By Geoffrey Smith
Investing.com -- Deliveroo (LON:ROO) stock rose at the open on Wednesday but failed to hold its gains after the food delivery company said it will end its loss-making efforts to crack the Australian market.
By 03:30 ET (08:30 GMT), Deliveroo stock in London was down 1.2%.
"The Company has determined that it cannot reach a sustainable and profitable scale in Australia without considerable financial investment, and the expected return on such investment is not commensurate with Deliveroo's risk/reward thresholds," the company said in a statement.
In the first half of this year, losses in Australia had shaved some 30 basis points off Deliveroo's basic operating margins, while accounting for only 3% of gross transaction value, which measures the overall orders processed by the group.

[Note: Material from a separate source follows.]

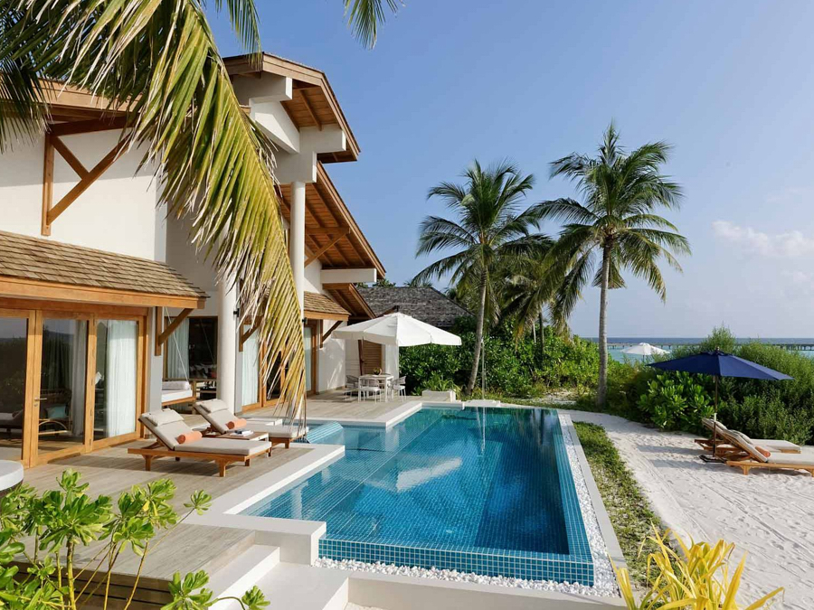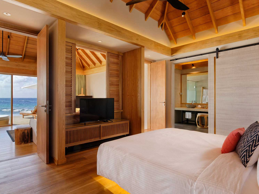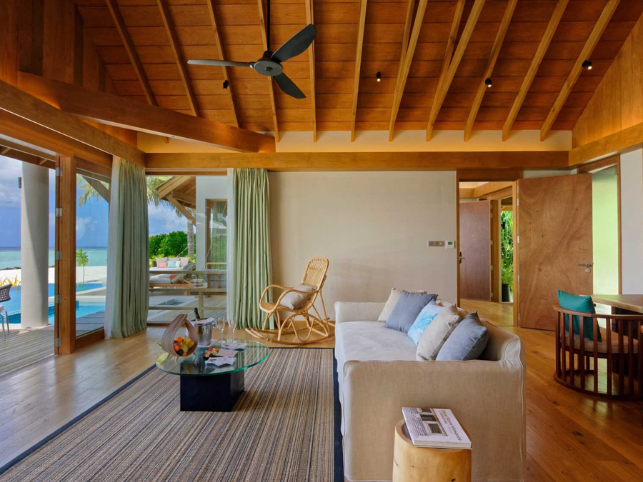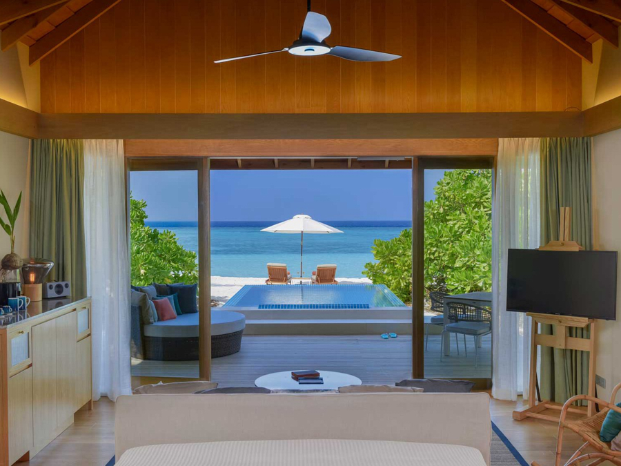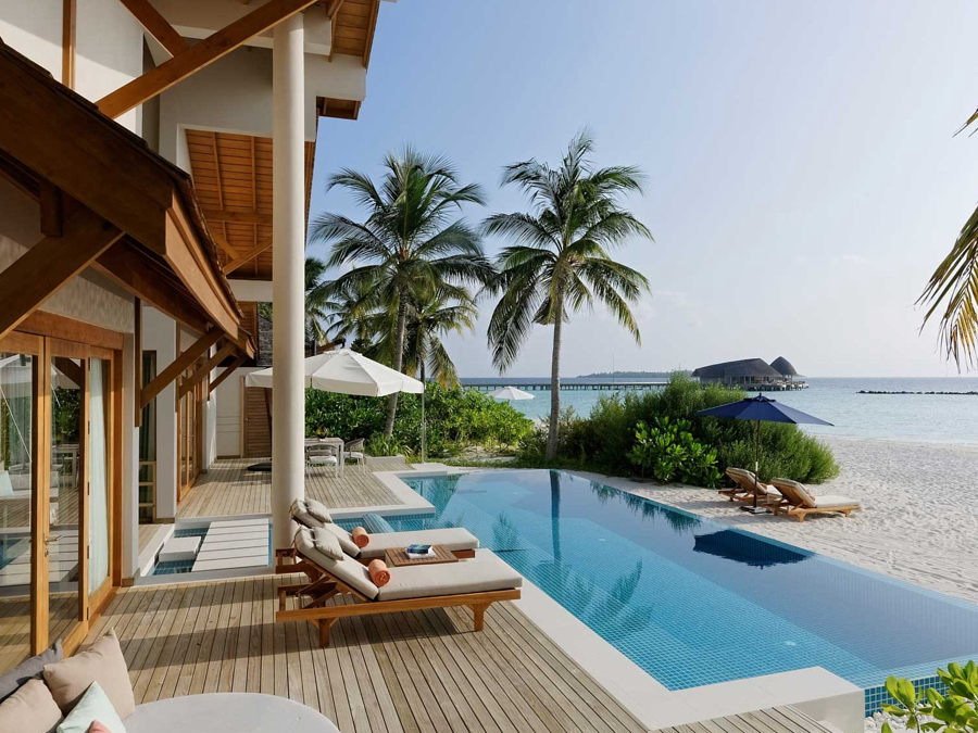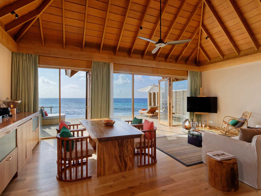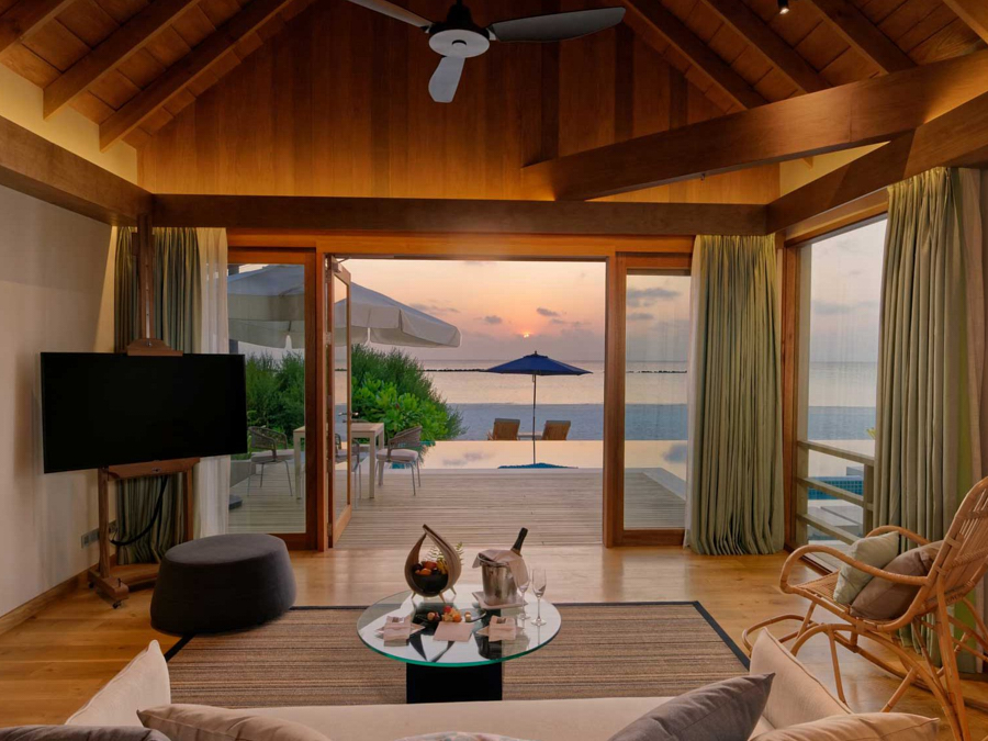 房型介绍:家庭沙滩泳池别墅是有孩子的家庭的完美选择。他们有一条通往度假村白色沙滩的前排通道。延伸至地平线的广角视图。拱形天花板、极简装饰和落地窗每天早上都能看到前方和中心的景色。最后的繁荣:前门和大海之间的私人跳水池。他们还拥有一个私人无边泳池、大衣柜、空调浴室和一个带休息室家具的私人露台。

The news comes less than a month after Deliveroo said GTV growth this year would be in the lower half of its forecast range of 4-12%, as it focused on lower-risk growth opportunities. As such, it also expects loss before interest, taxes, depreciation, and amortization to be at the narrower end of its forecast range.
Deliveroo's GTV is being flattered by the highest inflation in over 40 years in its core U.K. market, however. The expected GTV gain of 4-8% is well below the rate of inflation, which hit 11.1% in October.
Deliveroo stock is down by more than three-quarters from its 2021 peak but has stabilized in recent weeks even as the economic outlook in the U.K. has worsened. It's up some 30% from its September lows.